Clojure Set vs Map Lookup Performance Differences

I have a list of uids and want to check if a uid is a member of this list

The natural way to implement it would be to create a set (clojure.set) of uids and search for that member on that list

What I found out is that map key lookup is a lot faster - I used the following snippet to benchmark both methods:

(def uids #{:a :b :c :d :e :f :g :h :i :j :k :l :m :n :o :p :a1 :b1 :c1 :d1 :e1 :f1 :h1 :i1 :j1 :k1 :l1 :m1 :n1 :o1 :p1})
(def uids-map (reduce (fn [acc v] (assoc acc v true)) {} uids))
(time (dotimes [i 1000000] (:o1 uids)))
;user=> "Elapsed time: 191.076266 msecs"
(time (dotimes [i 1000000] (:o1 uids-map)))
;user=> "Elapsed time: 38.159388 msecs"

the results were very consistent across invocations - map lookup took about 1/5 of set lookup

So is set not optimal for key lookup or am I using it the wrong way?

Also, what are the reasons for the differences in these benchmarks?

I was under the impression that a set is implemented in clojure as an associative data structure similar to vectors - so why is key lookup significantly slower than a simple map?

Solution

I've never went into clojure's source but from what I see the set implementation actually uses a map inside:

protected APersistentSet(IPersistentMap impl){
    this.impl = impl;
}

It also delegates the invoke call to the internal map.

In APersistentSet:

public Object invoke(Object arg1) {
    return get(arg1);
}

// ....

public Object get(Object key){
    return impl.valAt(key);
}

In APersistentMap:

public Object invoke(Object arg1) {
    return valAt(arg1);
}

public Object invoke(Object arg1, Object notFound) {
    return valAt(arg1, notFound);
}

So this can't explain the difference.

As mentioned in the comments by @cgrand, when we reverse the arguments its faster (and about the same, since we call set's invoke immediately).
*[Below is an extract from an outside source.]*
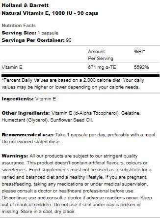 Holland & Barrett Natural Vitamin E 400 IU са естествена форма на витамин Е, която помага за защита на клетките от оксидативен стрес. Витамин Е може да се намери в голямо разнообразие от храни, като слънчогледови семки, фъстъци, лешници, бадеми, броколи, спанак, киви, домати, манго.

So I looked up Keyword's invoke which is what is probably used for (:k obj):

final public Object invoke(Object obj, Object notFound) {
    if(obj instanceof ILookup)
        return ((ILookup)obj).valAt(this,notFound);
    return RT.get(obj, this, notFound);
}

The important thing to notice is that ILookup is implemented in APersistentMap (through Associative) but not in APersistentSet. You can also verify in clojure:

(instance? clojure.lang.ILookup #{}) ;; false
(instance? clojure.lang.ILookup {})  ;; true

So maps go through the "happy path" and sets end up in RT.get which I believe is the runtime.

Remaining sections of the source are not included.